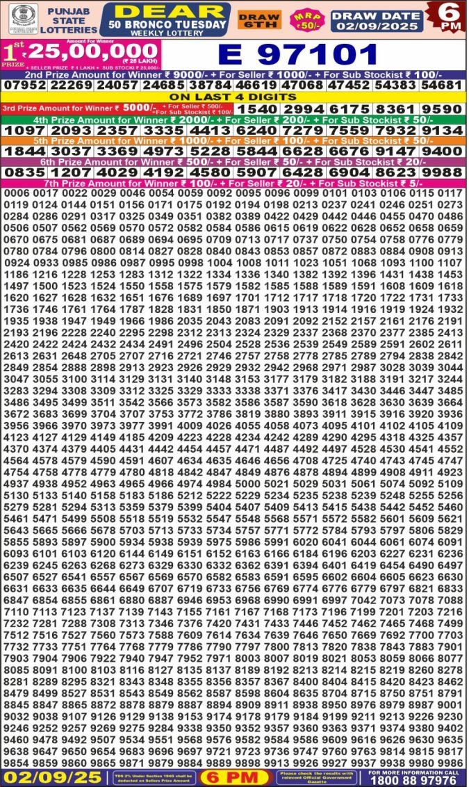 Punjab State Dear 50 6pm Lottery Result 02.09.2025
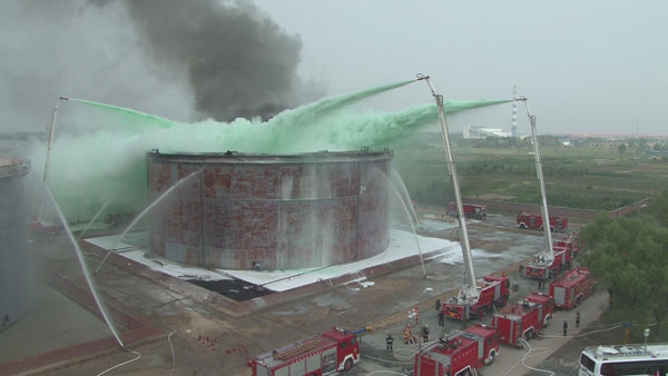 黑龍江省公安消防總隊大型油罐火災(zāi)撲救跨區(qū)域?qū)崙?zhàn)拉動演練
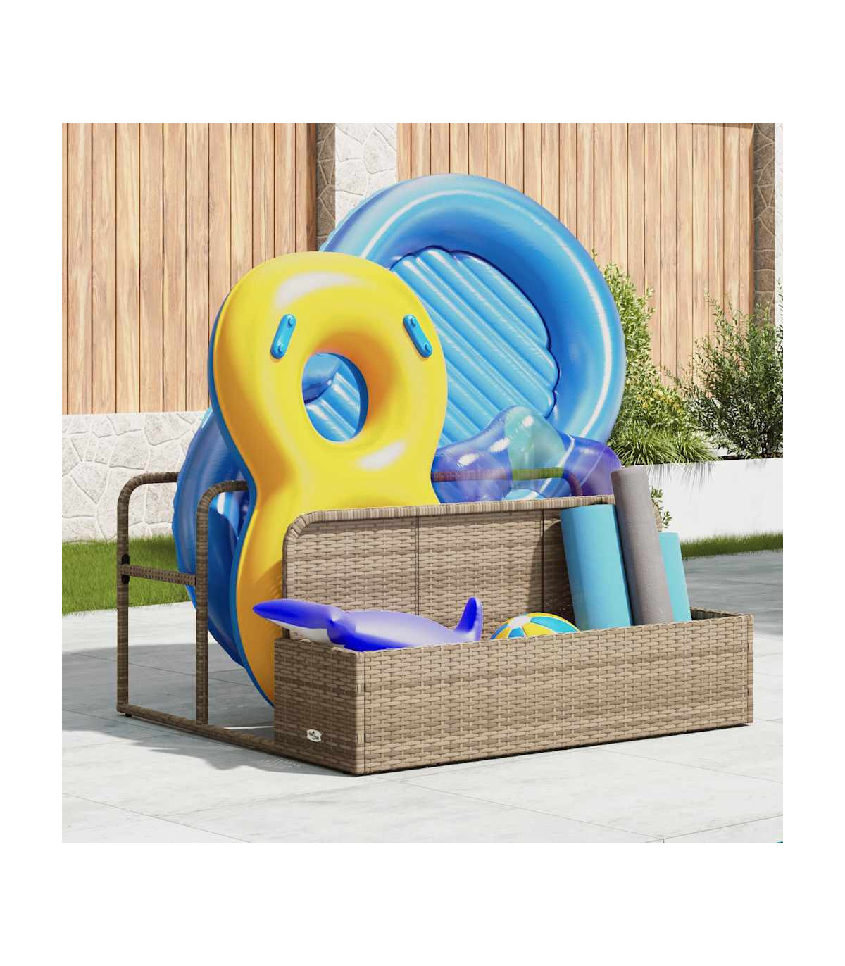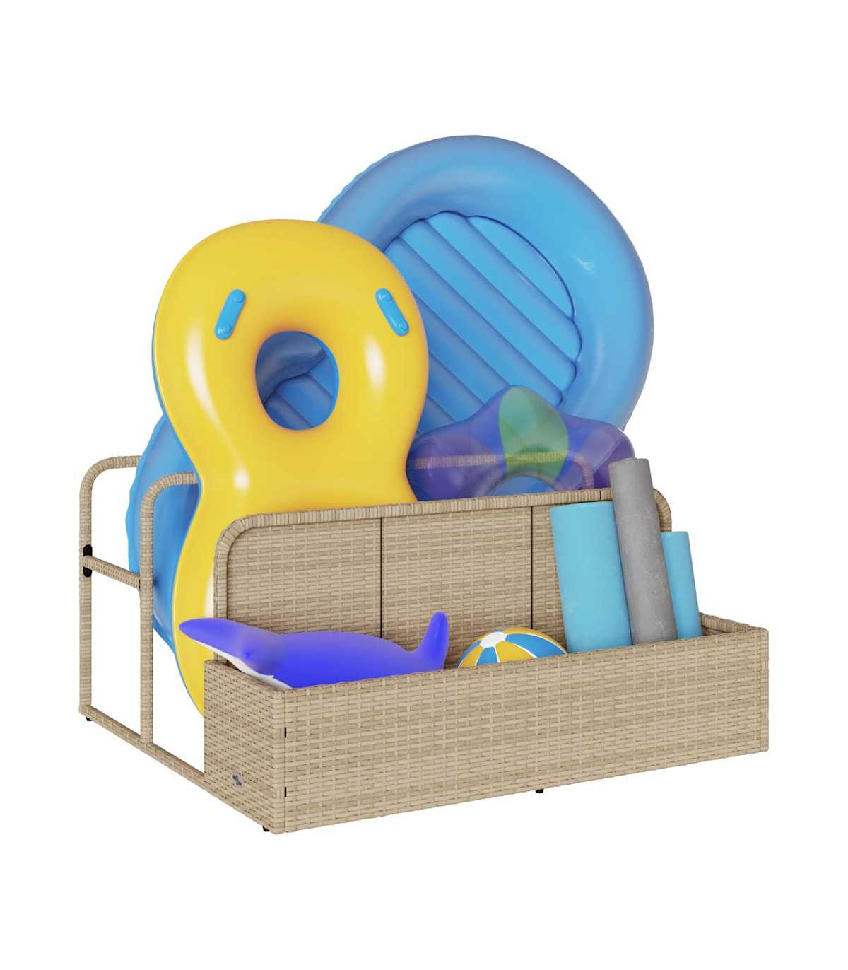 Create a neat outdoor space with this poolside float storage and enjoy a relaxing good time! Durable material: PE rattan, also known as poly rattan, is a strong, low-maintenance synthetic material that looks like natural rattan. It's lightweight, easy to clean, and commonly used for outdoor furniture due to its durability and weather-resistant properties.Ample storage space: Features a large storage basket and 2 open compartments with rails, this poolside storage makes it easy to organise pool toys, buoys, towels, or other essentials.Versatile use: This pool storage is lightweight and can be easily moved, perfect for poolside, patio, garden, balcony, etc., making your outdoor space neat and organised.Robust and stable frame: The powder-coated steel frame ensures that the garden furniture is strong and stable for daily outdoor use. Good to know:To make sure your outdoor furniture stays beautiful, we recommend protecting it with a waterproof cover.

--------------------------------------------------

(WHAT NEEDS TO BE DONE): The exact lines from the beginning of the data through the one that contains "黑龍江省公安消防總隊大型油罐" must be given again, both ends included, and pictures must be left out.

(WORKED SOLUTION):
 Punjab State Dear 50 6pm Lottery Result 02.09.2025
 黑龍江省公安消防總隊大型油罐火災(zāi)撲救跨區(qū)域?qū)崙?zhàn)拉動演練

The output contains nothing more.